Il convient de signaler que cette sortie médiatique est consécutive à l’affrètement, il y a quelques jours, d’un avion militaire par la famille Kane pour ses besoins à Nioro du Sahel. Toute chose qui a suscité chez certains internautes des «commentaires, incompréhensions et autres interrogations », sur les réseaux sociaux.

Dans sa communication, le chef d’état-major de l’Armée de l’Air a indiqué que toute personne physique ou morale peut bénéficier du service des aéronefs militaires de transports maliens.
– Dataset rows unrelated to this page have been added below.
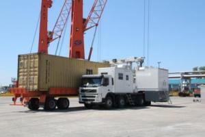 A container being screened by the Batumi port authorities in Georgia
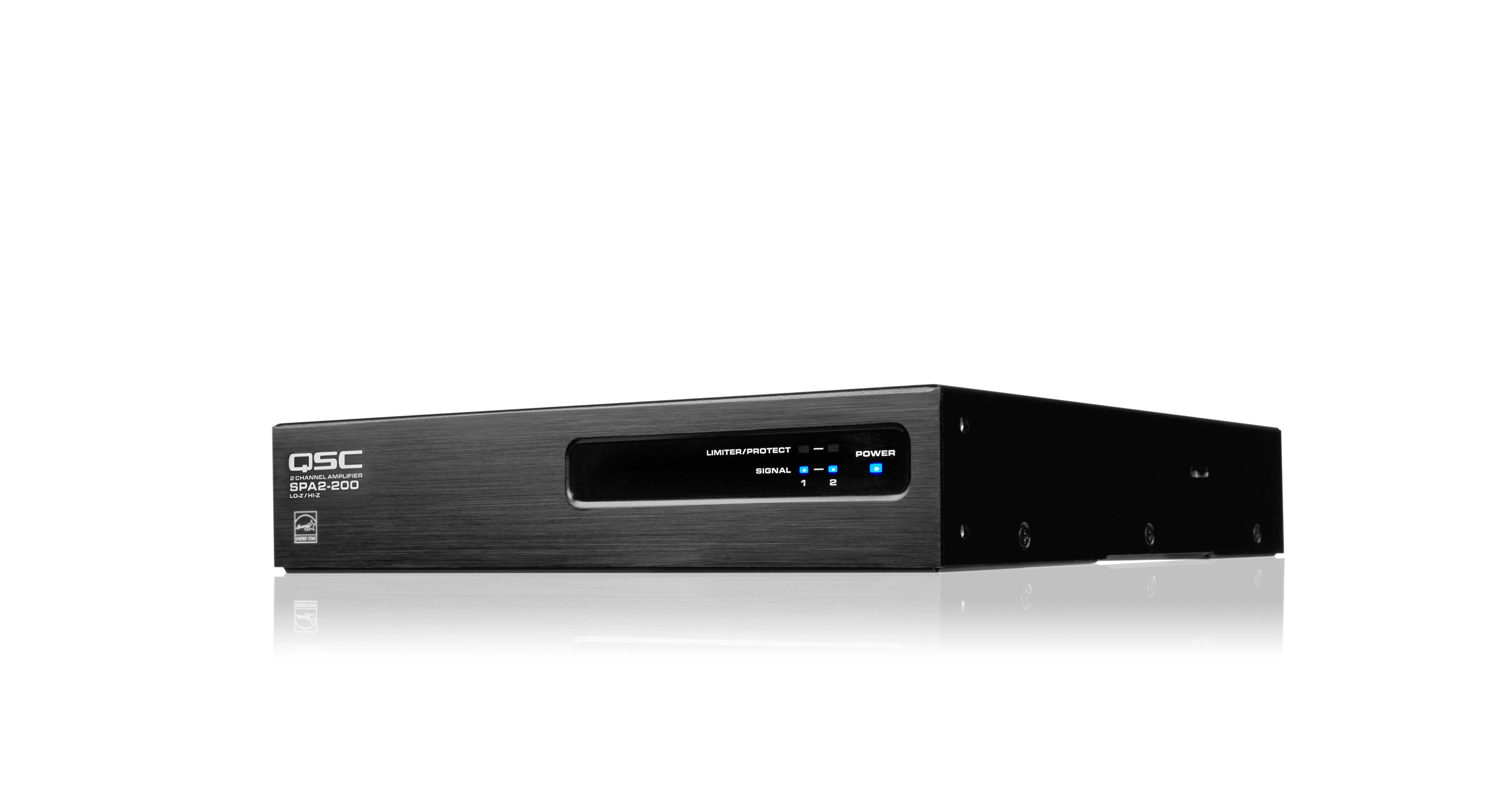 На фронтальной панели QSC SPA2-200 расположены основные светодиоды, включая индикацию работы встроенного лимитера и наличия сигнала: все раздельные для каждого из двух каналов. Входы и выходы у усилителя выполнены на колодках Euroblock. Там же расположен пятиконтактный разъем для подключения устройств удаленного контроля и две канальных ручки регулировки уровня. Корпус выполнен из металла с литой фронтальной панель, а жесткие металлические же крепления добавляют прочности конструкции. Усилитель обладает сертификатом соответствия Energy Star, что означает высокую энергоэффективность и отсутствие необходимости в активном охлаждении. С этой технологией связана и другая, под названием Auto-Ramp: благодаря ей возможны бесшумный запуск и отключением энергопотребления через 28 минут. Наконец, интегрирована полная защита схем от замыкания, перегрева, ультразвука и радиочастотных помех.
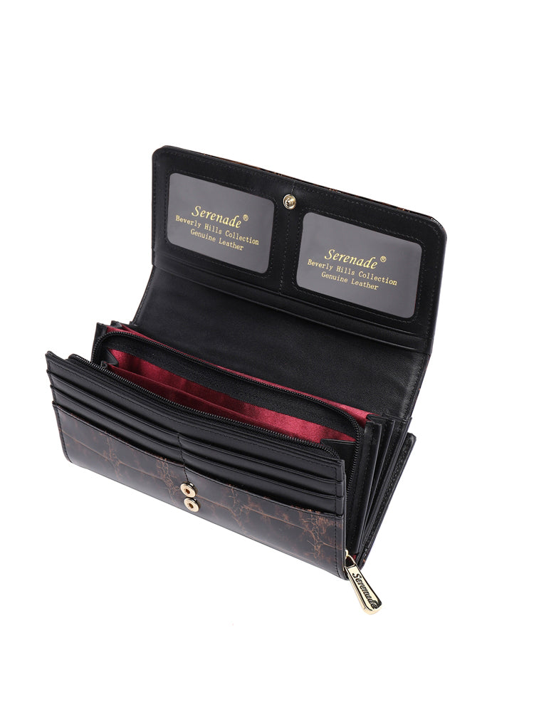 This Serenade Leopard Large Patent Leather Purse has plenty of room for all your cards and essentials. Large enough to fit 20 cards plus 2 window identification slots and additional compartments for notes.
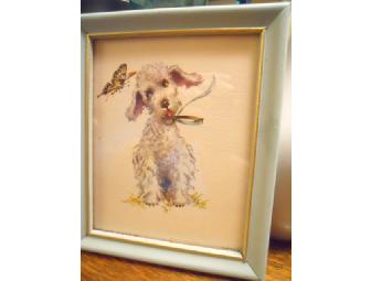 This charming vintage (1950-60's?) bichon print is just too cute! A small, white fluffy pup, sitting pretty with a lovely turquoise bow around it's neck and a butterfly floating by. I freshened up the original frame with "duck egg" paint - the same turquoise shade as the puppy's bow! It is marked "Donald Art Co. NY", size 5 inch x 6 inch. (White background, not yellow as one photo depicts.)
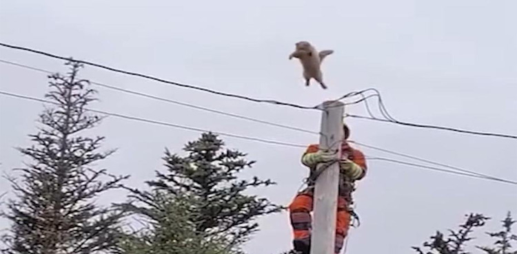 کینیڈا کے صوبے نیو فاؤنڈ لینڈ میں ایک بلی کسی طرح یوٹیلیٹی پول کے بالکل اوپر چڑھ گئی اور کافی دیر تک کوشش کے باوجود وہاں سے اتر نہیں پائی۔ اسی دوران ایک ریسکیو ٹیم اس کی مدد کے لیے وہاں پہنچ گئی۔
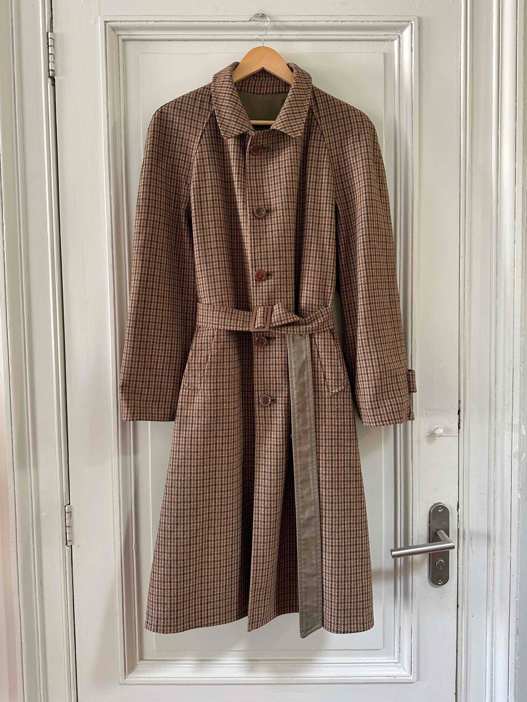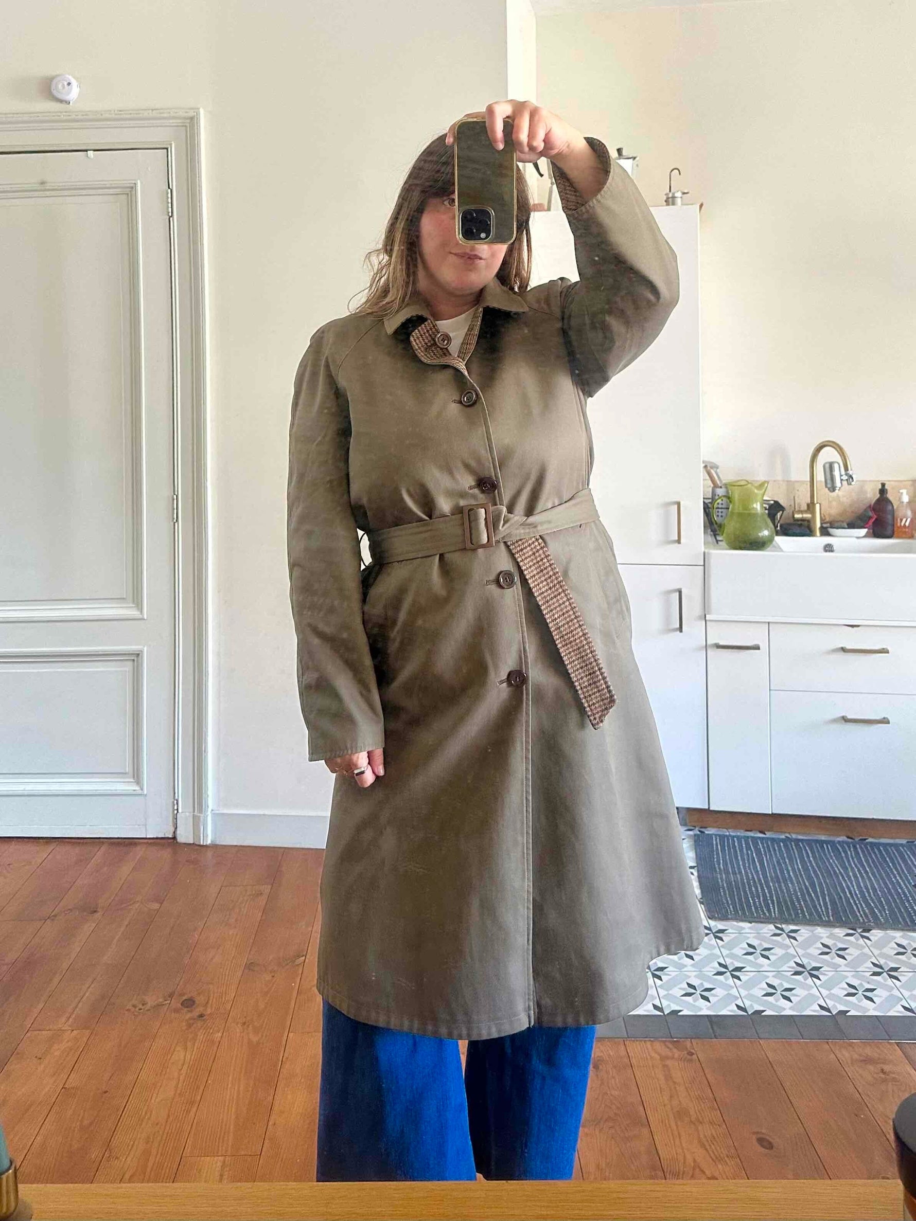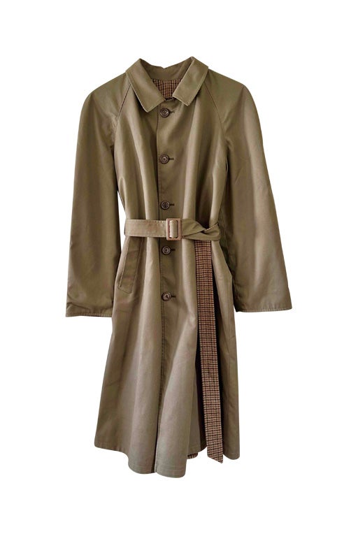 Prix unitaire parTrench réversible en laine, gabardine vert kaki réversible en laine à carreaux pied de puce couleurs verts, caramel, beige.

Quand cela arrive, ajoutera-t-il, il s’agit d’un affrètement.

« L’affrètement n’est ni une location, ni un service gracieux. Il consiste à assurer le service au prix coûtant sans aucun bénéfice pour l’Armée de l’Air », a déclaré l’animateur du point de presse. Dans l’affrètement, poursuivra le général Dembélé, le demandeur assure les frais inhérents à la mission, l’Armée de l’Air ne paie rien, elle ne demande pas non plus un quelconque bénéfice. Il s’agit, selon le chef de l’Armée de l’Air, tout simplement d’une assistance militaire en faveur de nos populations et de nos partenaires.

Le demandeur, conclut le général Dembélé, adresse sa demande au ministre de la Défense et des Anciens combattants  qui décide. Il ajoutera qu’en aucun cas, l’affrètement ne peut distraire une mission militaire.